Debugging Agent Skills: Loops, Wrong Tools, Bad Args
Diagnose and fix the three Agent Skill failure modes on Claude — loops, wrong tool calls, and hallucinated arguments — with concrete traces and edits.
The first time a Skill you wrote for Claude Code spins in a loop — reading the same file, calling the same tool, never converging — you learn something uncomfortable: a Skill is a program, and like any program it can have bugs. But the bugs don't show up as stack traces. They show up as behavior. Claude keeps retrying. It calls a tool with a malformed argument. It invents a flag that doesn't exist. Debugging these failures is a different discipline from debugging code, and most engineers approach it backwards.

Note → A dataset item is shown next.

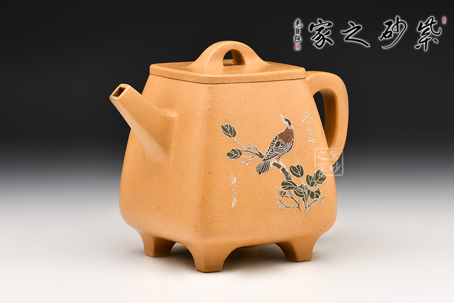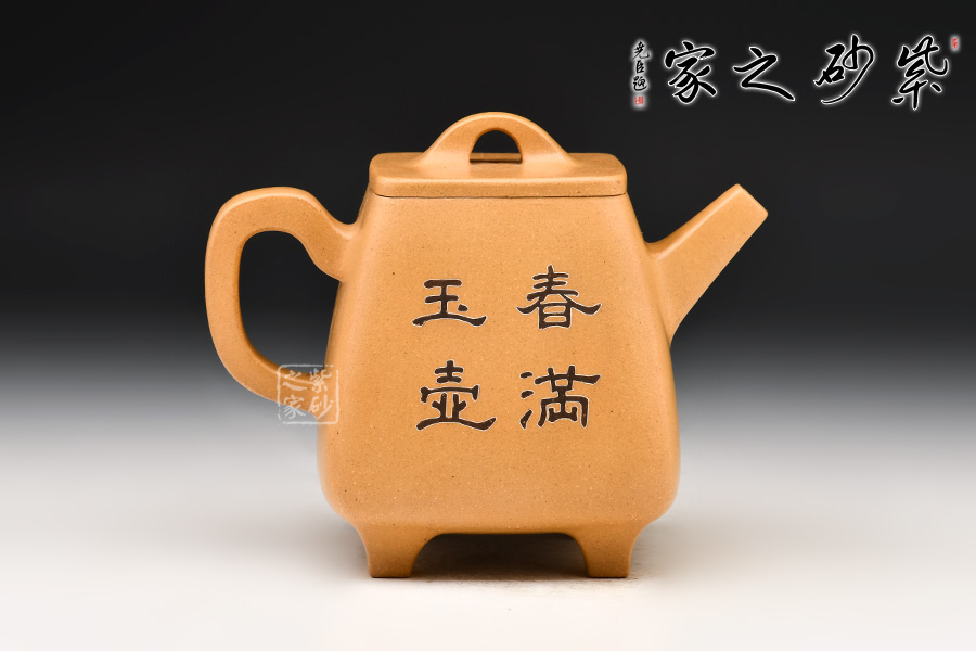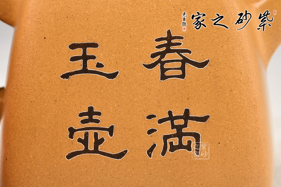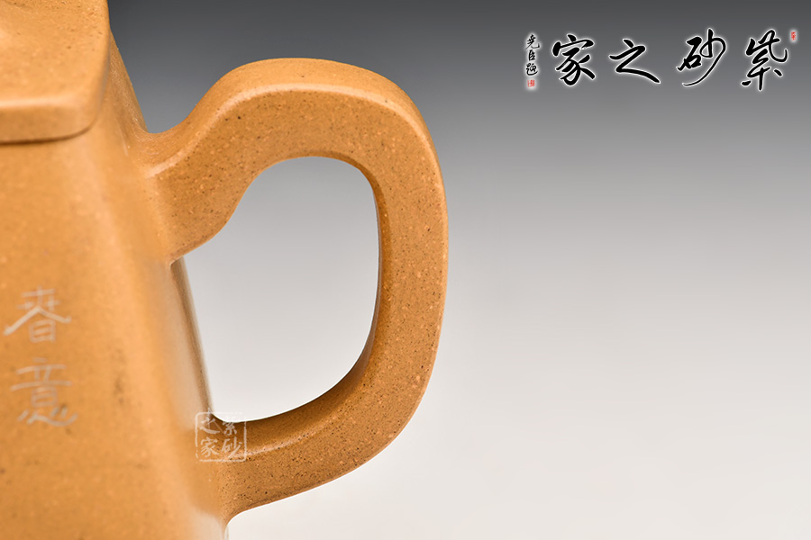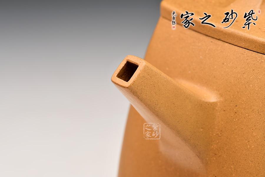 壺嘴直長,挺峭有力;方形耳把的造型與整體協(xié)調,給人渾然天成的自然美感;高乳足壺底更顯壺的神韻齊全,風度大氣,實用大方。

This post is a practical guide to the three failure modes you will actually hit when refining a Skill with the skill-creator workflow: loops, wrong tool calls, and hallucinated arguments. For each, we cover how to recognize it in a trace, what usually causes it, and the specific change to your SKILL.md that fixes it.
Key takeaways
- Most Skill failures trace back to ambiguous instructions or under-specified tool contracts, not model weakness.
- Loops almost always mean the Skill lacks a clear stop condition or success signal.
- Wrong tool calls usually come from overlapping tool descriptions — fix the descriptions, not the prompt.
- Hallucinated arguments are a schema problem: tighten the JSON schema and add one worked example.
- Always reproduce a failure on a fixed transcript before changing anything, so you can confirm the fix.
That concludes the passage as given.